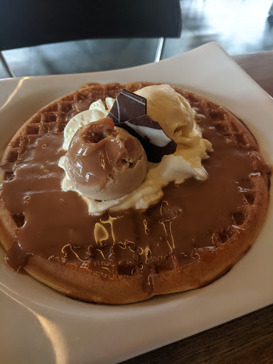 Fantastic food at a low price, but no attention to detail. I had a Serrano meat crepe for sustenance and a scrumptious special waffle soaked in a sort of chocolate caramel sauce, arequipe, topped with a scoop of vanilla alongside caramel ice cream engulfed in whip cream, with chocolate thins in the center. And all washed down by my elixir, a G fruit and milk blend.
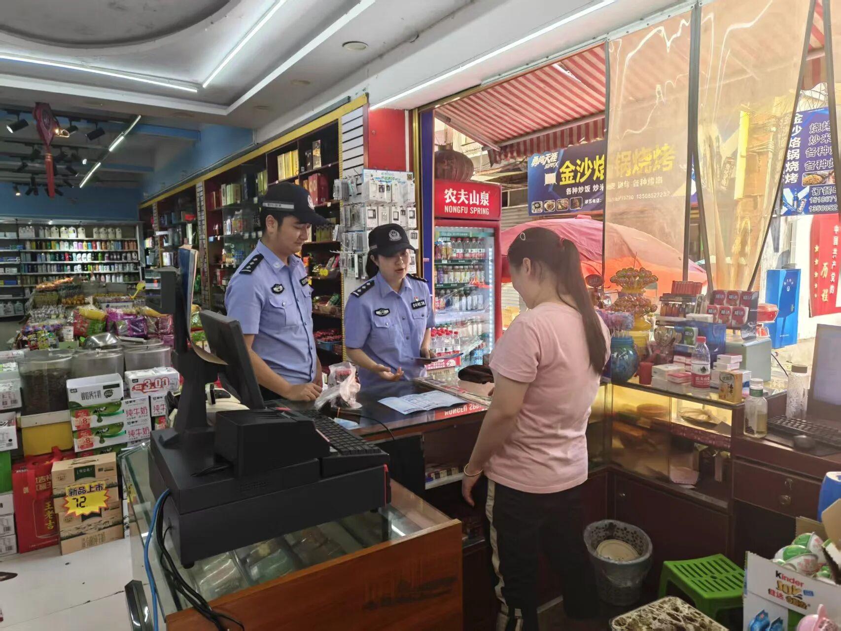 圖為民警對(duì)商戶(hù)進(jìn)行反詐知識(shí)宣傳。
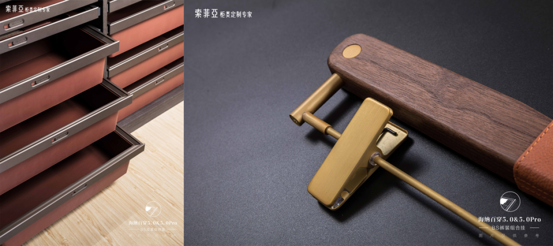 在「消费场景化」的大背景下,索菲亚正式推出了明星收纳系统的迭代升级版本——海纳百穿5.0&5.0 Pro精细化收纳系统,以动线收纳、精细收纳等4大硬核升级,解决消费者在实际收纳场景中各式各样的痛点,满足现代家居生活从“整理在一起”转向“高品质分类”的收纳需求。
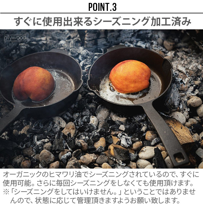 | 鋳鉄製品は熱すると持ち手まで全体が熱くなりますので、必ず鍋つかみなどをご使用下さい。鋳鉄は冷めにくい性質がある為、調理後もご注意下さい。 IH調理器にお使い頂けますが、底面の形状やIH調理器によりご使用頂けない商品もございますので、お使いのIH調理器をご確認下さい。 鋳鉄は重量物です。持ち運びには十分ご注意ください。 熱せられた鋳鉄製品を水で急に冷やしたり、落とすと割れる危険がございます。強い衝撃を与えないでください。 |
= = = = =
### What this task involves
Write out each line of the data above exactly, starting at the top and finishing with the line containing "在「消费场景化」的大背景下,索菲亚正式推"; omit the pictures.

### Response
 Fantastic food at a low price, but no attention to detail. I had a Serrano meat crepe for sustenance and a scrumptious special waffle soaked in a sort of chocolate caramel sauce, arequipe, topped with a scoop of vanilla alongside caramel ice cream engulfed in whip cream, with chocolate thins in the center. And all washed down by my elixir, a G fruit and milk blend.
 圖為民警對(duì)商戶(hù)進(jìn)行反詐知識(shí)宣傳。
 在「消费场景化」的大背景下,索菲亚正式推出了明星收纳系统的迭代升级版本——海纳百穿5.0&5.0 Pro精细化收纳系统,以动线收纳、精细收纳等4大硬核升级,解决消费者在实际收纳场景中各式各样的痛点,满足现代家居生活从“整理在一起”转向“高品质分类”的收纳需求。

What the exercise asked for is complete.